- Nationality: United States
- Born: 23 June 1992 (age 33) Chattanooga, Tennessee, United States

= Kristian Lee Turner =

American motorcycle racer

Kristian "Kris" Lee Turner is a Grand Prix motorcycle racer from the United States.
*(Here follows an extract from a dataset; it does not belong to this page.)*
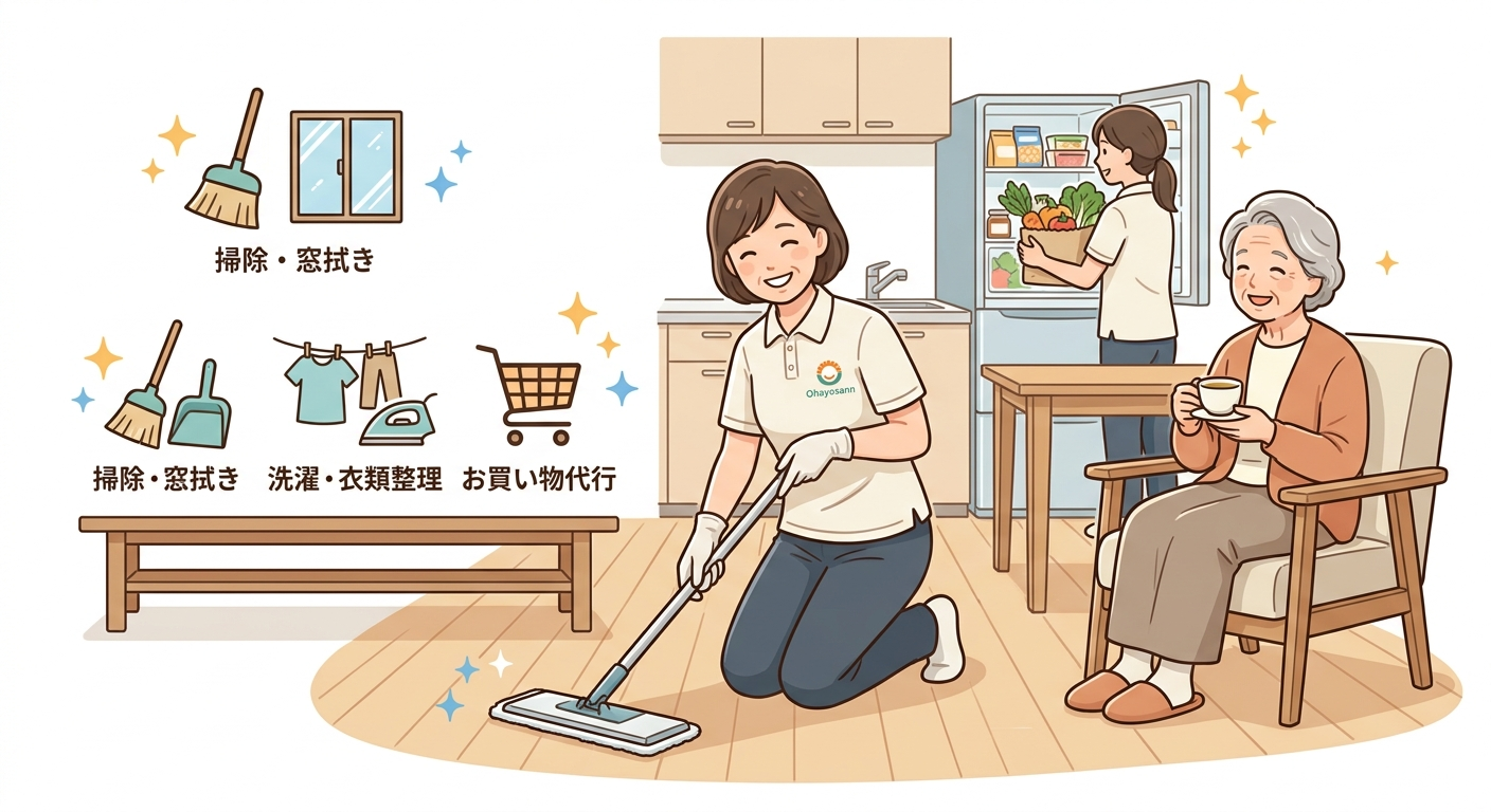 • 季節・丁寧なお掃除: 窓拭き、床のワックス掛け、換気扇の簡易清掃など(介護保険では難しい箇所も対応します)。

Turner began motocross racing at age 3. At age 13, he began road racing, and by 14 he was competing in Europe on the Red Bull MotoGP Rookies circuit. He joined the circuit after winning one of 20 places out of 1,100 prospective young riders from across the United States and Europe.

In 2007, Turner left the Red Bull MotoGP Rookies Cup after being dropped by Red Bull Racing.

Turner later left professional racing after difficulty in finding a sponsor. After 6 years away from the sport, Turner made a comeback to racing in 2018. That year, he competed in the MotoAmerica Twins Cup, placing second on a Suzuki he self built with his father.

==Career statistics==
===Red Bull MotoGP Rookies Cup===
====Races by year====
(key) (Races in bold indicate pole position, races in italics indicate fastest lap)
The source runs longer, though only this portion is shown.